● **EXERCISE DESCRIPTION**: Write every line below out again exactly, images omitted.

● **DATASET SECTION**:
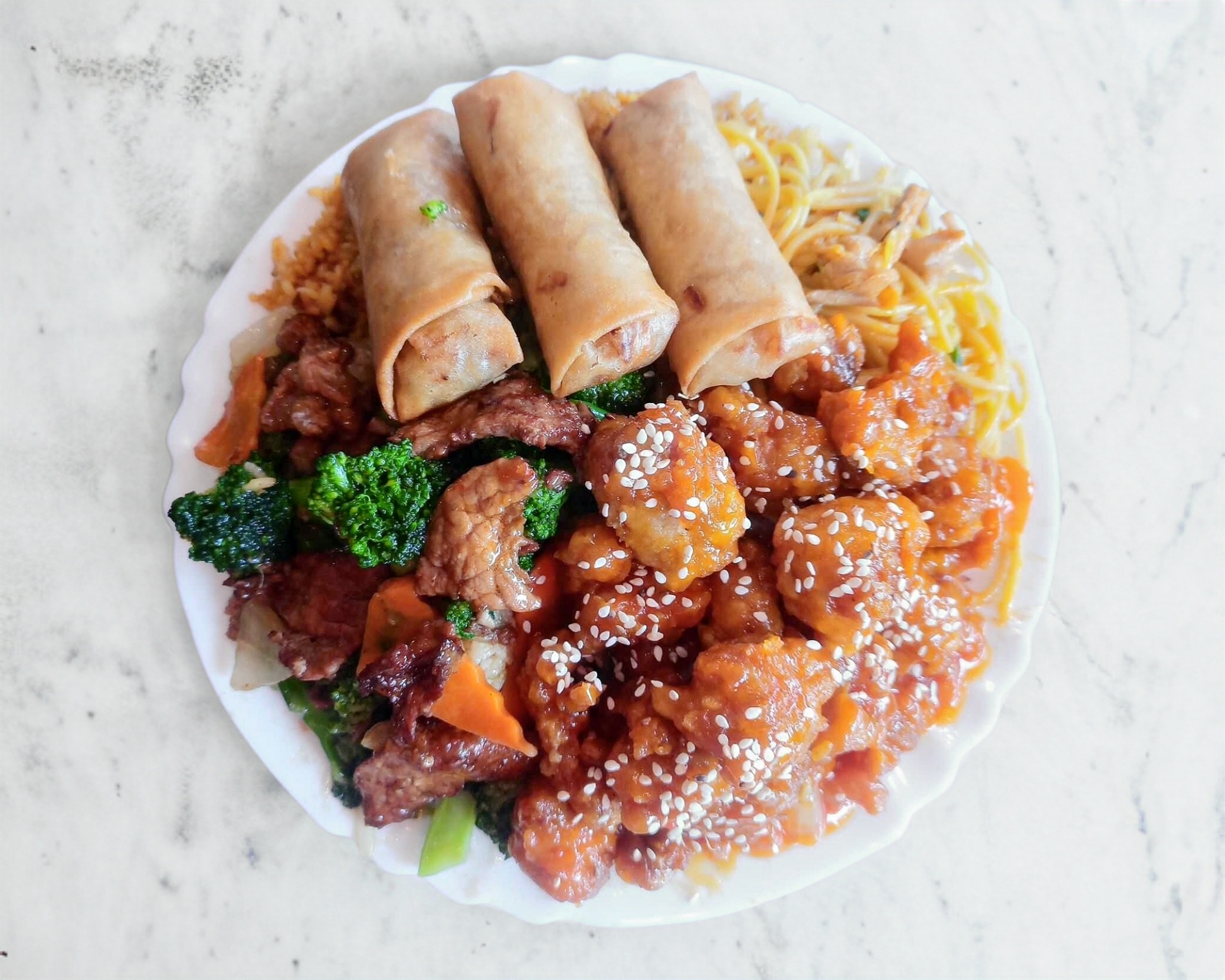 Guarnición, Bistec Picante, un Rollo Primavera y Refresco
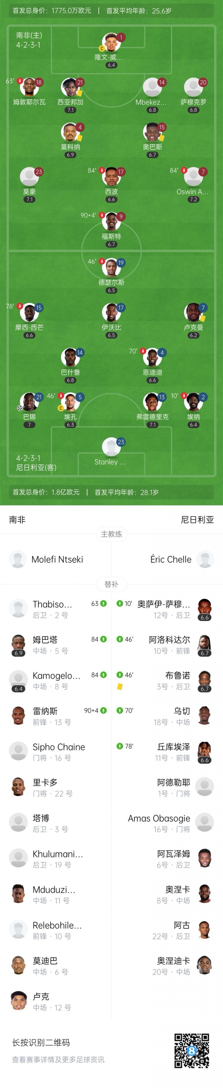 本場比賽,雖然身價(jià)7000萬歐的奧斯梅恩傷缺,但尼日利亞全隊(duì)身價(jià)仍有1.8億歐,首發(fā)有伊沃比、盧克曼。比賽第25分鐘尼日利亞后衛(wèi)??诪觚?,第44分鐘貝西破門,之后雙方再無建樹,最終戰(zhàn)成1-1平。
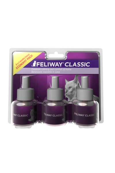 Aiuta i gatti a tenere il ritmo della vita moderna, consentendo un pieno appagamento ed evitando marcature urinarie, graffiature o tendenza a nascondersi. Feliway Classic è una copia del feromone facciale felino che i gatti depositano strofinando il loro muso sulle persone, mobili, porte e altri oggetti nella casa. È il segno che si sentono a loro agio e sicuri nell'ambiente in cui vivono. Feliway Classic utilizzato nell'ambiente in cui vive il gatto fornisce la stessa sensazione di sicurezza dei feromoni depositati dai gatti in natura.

● **WRITTEN SOLUTION**:
 Guarnición, Bistec Picante, un Rollo Primavera y Refresco
 本場比賽,雖然身價(jià)7000萬歐的奧斯梅恩傷缺,但尼日利亞全隊(duì)身價(jià)仍有1.8億歐,首發(fā)有伊沃比、盧克曼。比賽第25分鐘尼日利亞后衛(wèi)??诪觚?,第44分鐘貝西破門,之后雙方再無建樹,最終戰(zhàn)成1-1平。
 Aiuta i gatti a tenere il ritmo della vita moderna, consentendo un pieno appagamento ed evitando marcature urinarie, graffiature o tendenza a nascondersi. Feliway Classic è una copia del feromone facciale felino che i gatti depositano strofinando il loro muso sulle persone, mobili, porte e altri oggetti nella casa. È il segno che si sentono a loro agio e sicuri nell'ambiente in cui vivono. Feliway Classic utilizzato nell'ambiente in cui vive il gatto fornisce la stessa sensazione di sicurezza dei feromoni depositati dai gatti in natura.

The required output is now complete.